Aim of the task:
Using the data below, transcribe exactly everything from the line that contains "Fig 1: Typical" down to the line that contains "are both very". Include both of those lines and none of the pictures.

Dataset records:
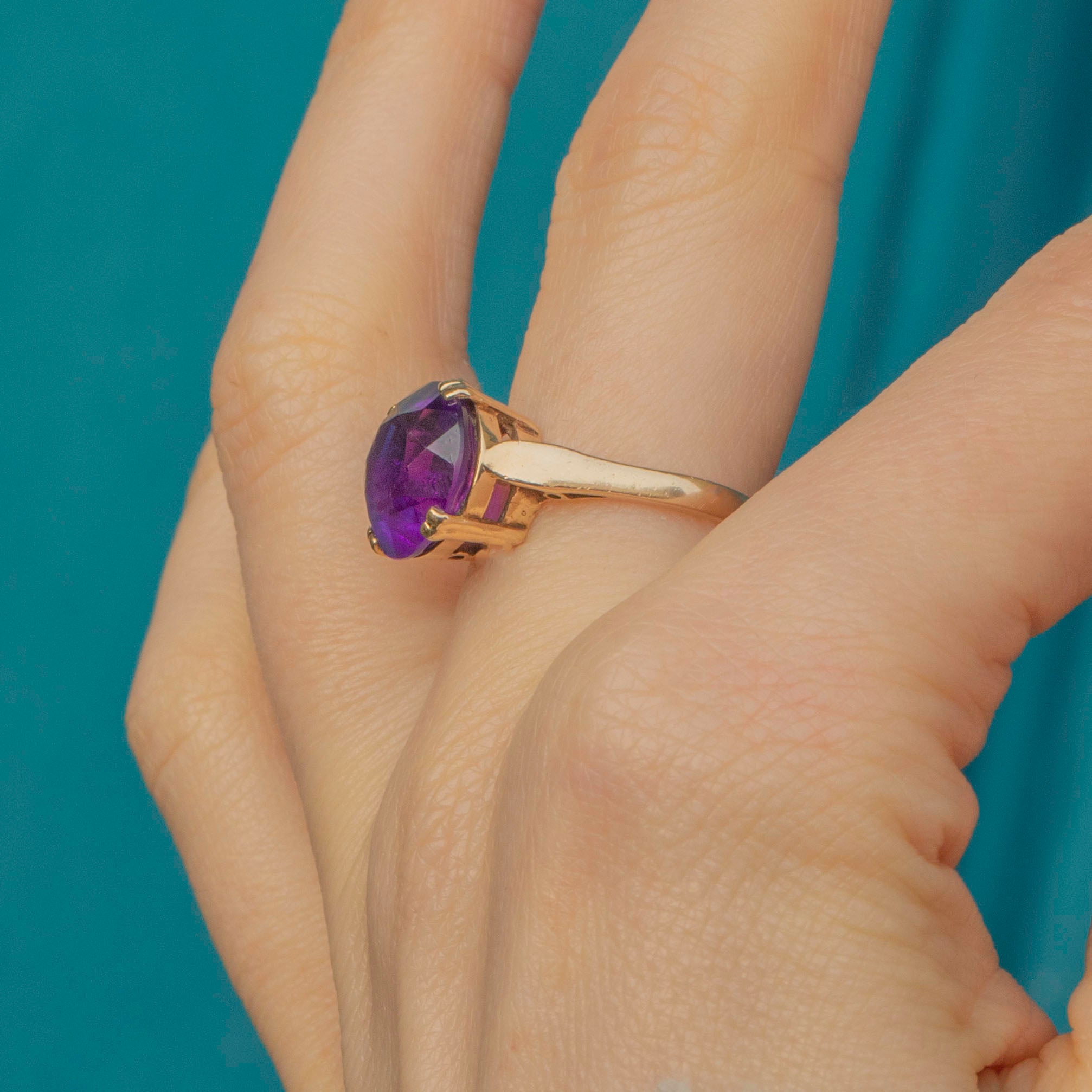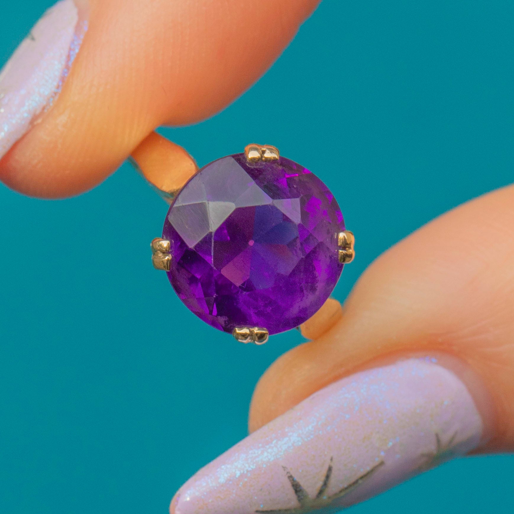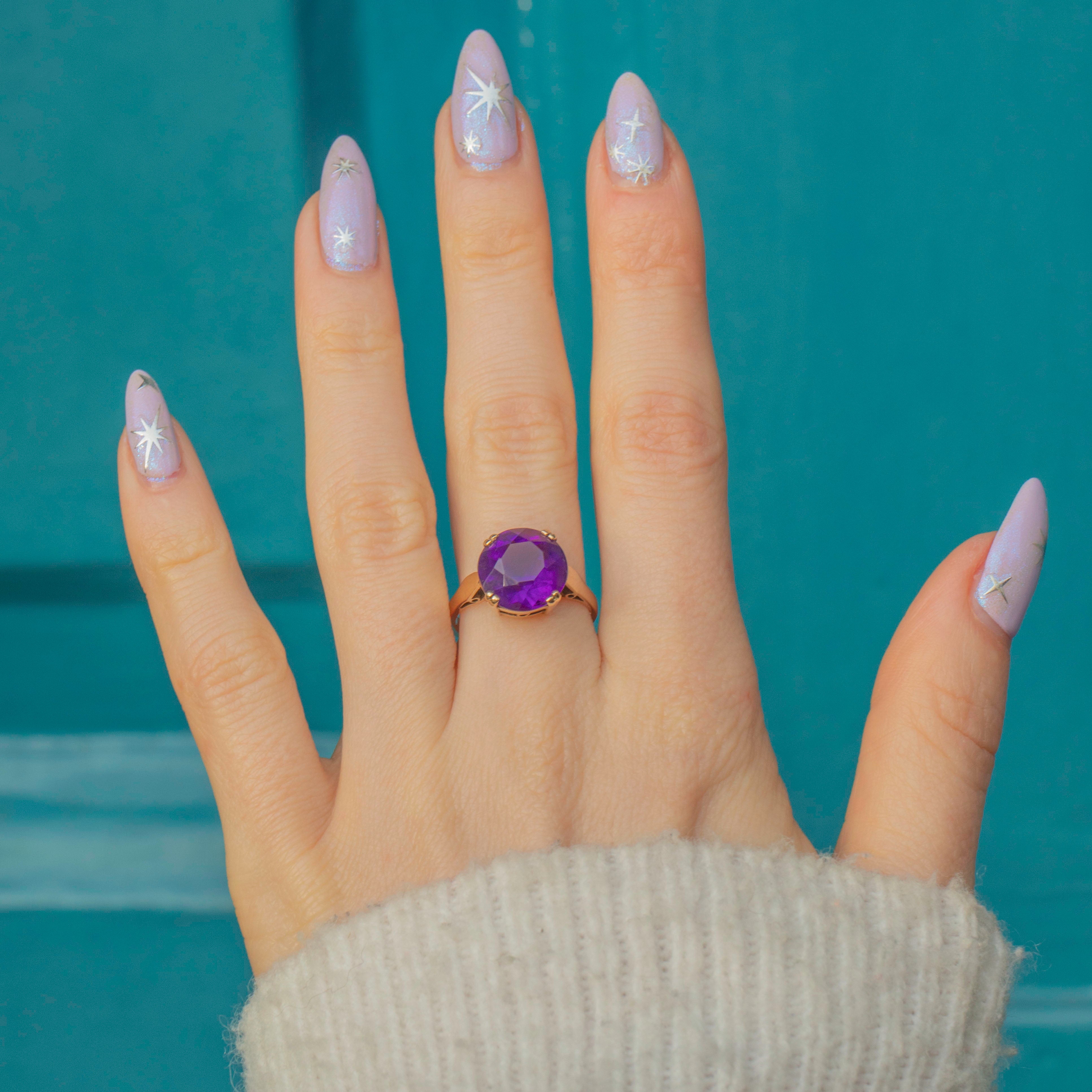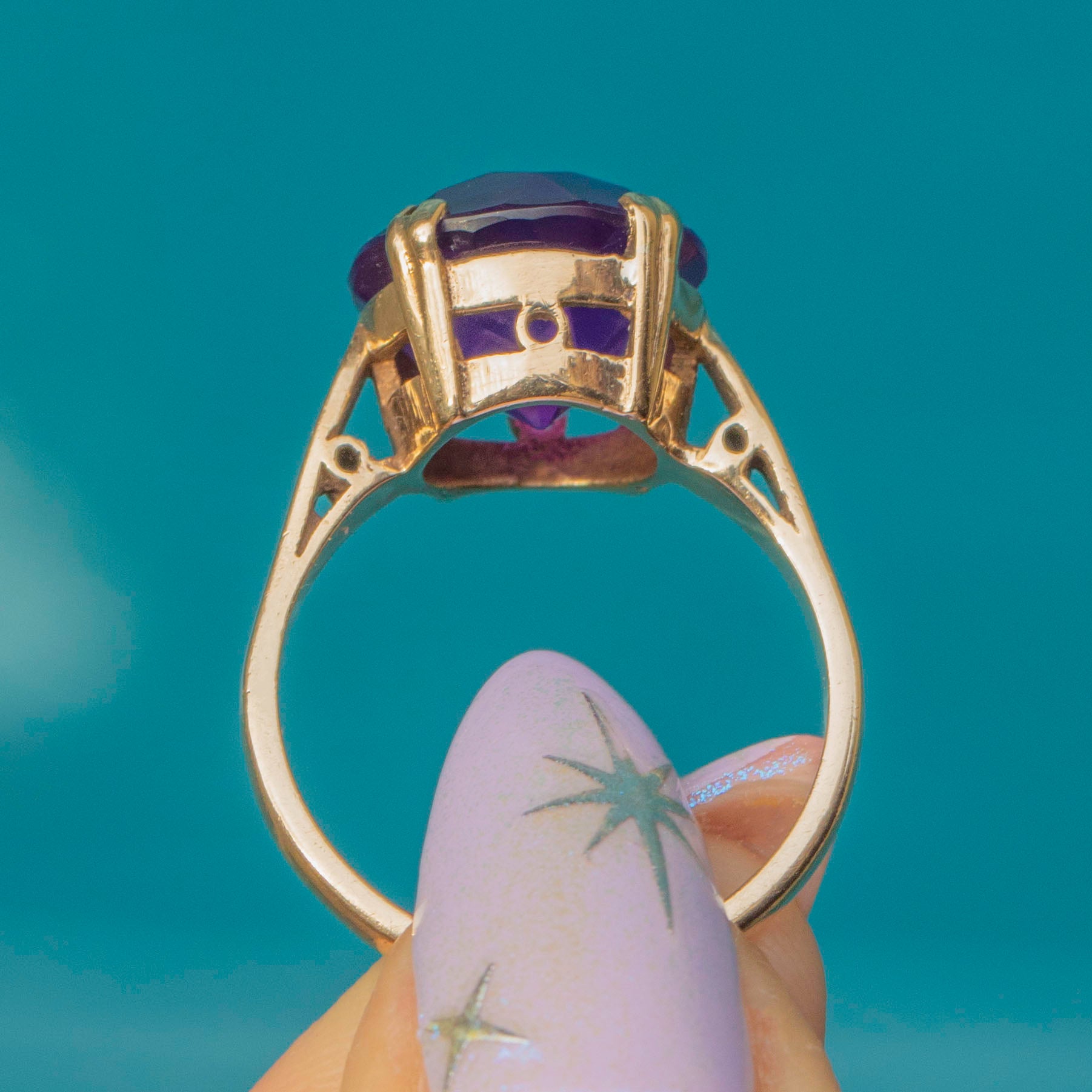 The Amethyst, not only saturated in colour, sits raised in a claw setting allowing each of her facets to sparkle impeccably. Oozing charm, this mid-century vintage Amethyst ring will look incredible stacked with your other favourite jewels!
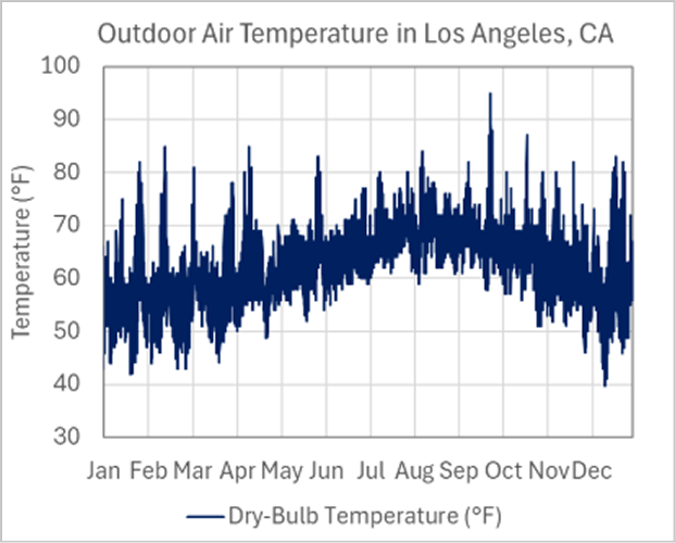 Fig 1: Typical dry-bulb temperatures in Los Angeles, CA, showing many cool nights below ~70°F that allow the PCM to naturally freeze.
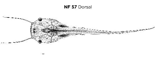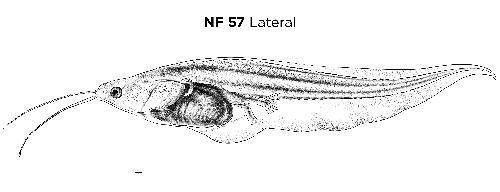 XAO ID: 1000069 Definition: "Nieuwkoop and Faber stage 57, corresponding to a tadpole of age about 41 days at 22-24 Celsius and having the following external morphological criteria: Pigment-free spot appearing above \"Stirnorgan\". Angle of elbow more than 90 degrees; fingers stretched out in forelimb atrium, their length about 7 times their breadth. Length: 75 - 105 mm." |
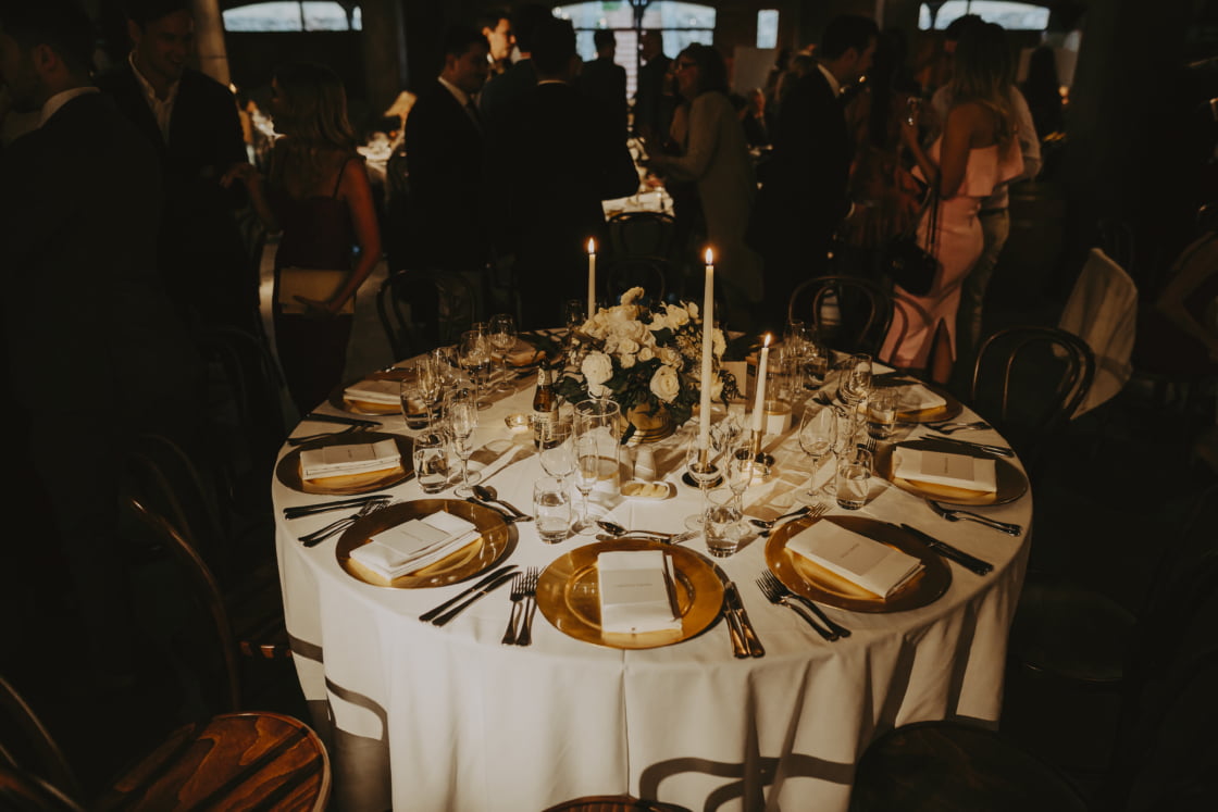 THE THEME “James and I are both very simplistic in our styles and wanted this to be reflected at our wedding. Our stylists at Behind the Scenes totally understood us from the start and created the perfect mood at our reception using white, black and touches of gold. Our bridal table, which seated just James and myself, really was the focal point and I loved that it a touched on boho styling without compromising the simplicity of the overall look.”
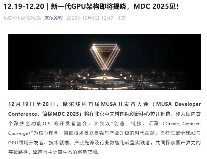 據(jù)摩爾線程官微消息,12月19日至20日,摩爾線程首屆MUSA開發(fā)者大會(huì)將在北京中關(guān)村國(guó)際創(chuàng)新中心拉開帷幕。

Your solution:
 Fig 1: Typical dry-bulb temperatures in Los Angeles, CA, showing many cool nights below ~70°F that allow the PCM to naturally freeze.
 XAO ID: 1000069 Definition: "Nieuwkoop and Faber stage 57, corresponding to a tadpole of age about 41 days at 22-24 Celsius and having the following external morphological criteria: Pigment-free spot appearing above \"Stirnorgan\". Angle of elbow more than 90 degrees; fingers stretched out in forelimb atrium, their length about 7 times their breadth. Length: 75 - 105 mm." |
 THE THEME “James and I are both very simplistic in our styles and wanted this to be reflected at our wedding. Our stylists at Behind the Scenes totally understood us from the start and created the perfect mood at our reception using white, black and touches of gold. Our bridal table, which seated just James and myself, really was the focal point and I loved that it a touched on boho styling without compromising the simplicity of the overall look.”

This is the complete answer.